The platform can diagnose 10 different types of dementia, including vascular dementia and frontotemporal dementia, even if they occur together. As new drugs gain approval for treating Alzheimer’s—such as Kisunla, an injection that the US Food & Drug Administration recently approved for people with mild cognitive impairment—Kolachalama is hopeful that his team’s AI tool can help determine who can benefit from different treatments or participate in clinical trials to help bring more drugs to market.
The algorithm was trained on data from more than 50,000 individuals from nine different datasets collected around the world. To test the software’s performance, the researchers gave neurologists working alone and neurologists using the computer model 100 cases to evaluate. They then compared the results of doctors working solo versus those using the software—and found the software boosted the doctors’ accuracy by 26 percent.

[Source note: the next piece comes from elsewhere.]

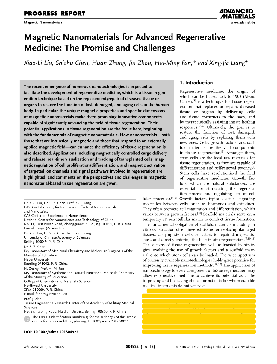 过去的20年见证了纳米生物技术的蓬勃发展,这要归功于无机纳米材料因其降维而产生的迷人特性。近年来,纳米技术在组织再生中的应用主要集中在利用新型功能无机纳米材料输送细胞和组织、实时监测组织再生过程和提高治疗效果等方面。经批准的纳米医学方法证明,基于纳米颗粒的组织再生的成功应用在于纳米颗粒的智能设计,具有量身定做的特性,可实现更有效和更安全的治疗。特别是,上述优点引起了人们对磁性氧化铁纳米颗粒(磁性氧化铁纳米颗粒)的进一步开发的越来越多的关注,除了它们在临床前和临床环境中作为成像和治疗剂的广泛使用之外。微离子在组织再生研究中的重要应用包括但不限于:1)磁控输送和按需释放组织再生所需的货物;2)使用磁性氧化铁纳米颗粒进行移植细胞的实时可视化与跟踪;3)移植细胞黏附、增殖和分化的磁调节;以及4)靶向再生相关离子通道和信号通路的磁激活,例如量子点,和碳纳米管,磁性氧化铁纳米颗粒磁性氧化铁纳米颗粒不仅表现出良好的生物相容性,而且具有靶向递送、诊断和治疗的综合能力。因此,基于磁性氧化铁纳米颗粒的技术的发展为解决再生医学中未得到满足的需求提供了可能性,例如控制工程干细胞的命运、作用和功能,以实现体内治疗效果。然而,这一领域的进展缓慢,新进展有限,部分原因是磁性氧化铁纳米颗粒的这些独特功能远未得到充分利用。

Kolachalama collaborates with neurologists and radiologists from around the world who all have access to different types of patient information. For that reason, the software works even with limited information. For example, MRI machines are not as prevalent in under-resourced hospitals in low-income countries, so having a tool that can use any type of available patient data is key for expanding the technology to areas that need it most.

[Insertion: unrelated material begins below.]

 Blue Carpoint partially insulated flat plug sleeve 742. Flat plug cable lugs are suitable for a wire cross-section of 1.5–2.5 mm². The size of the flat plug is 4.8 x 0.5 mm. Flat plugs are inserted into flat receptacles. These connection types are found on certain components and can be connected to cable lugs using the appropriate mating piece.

“The ability to generate a diagnosis with routine clinical data is becoming increasingly important given the significant challenges in accessing gold-standard testing, not only in remote and economically developing regions, but [also] in urban healthcare centers,” says Kolachalama.
He points out that there is a shortage of neurology experts around the world, and with the number of neurology patients growing, this mismatch is putting a big strain on healthcare systems. Having a software program that can assist in diagnosing could help lift the burden that’s falling on doctors with limited time and resources, Kolachalama says. The next step for the AI tool is bringing it to hospitals and doctors’ offices for field testing—a goal that Kolachalama and his team are actively working toward.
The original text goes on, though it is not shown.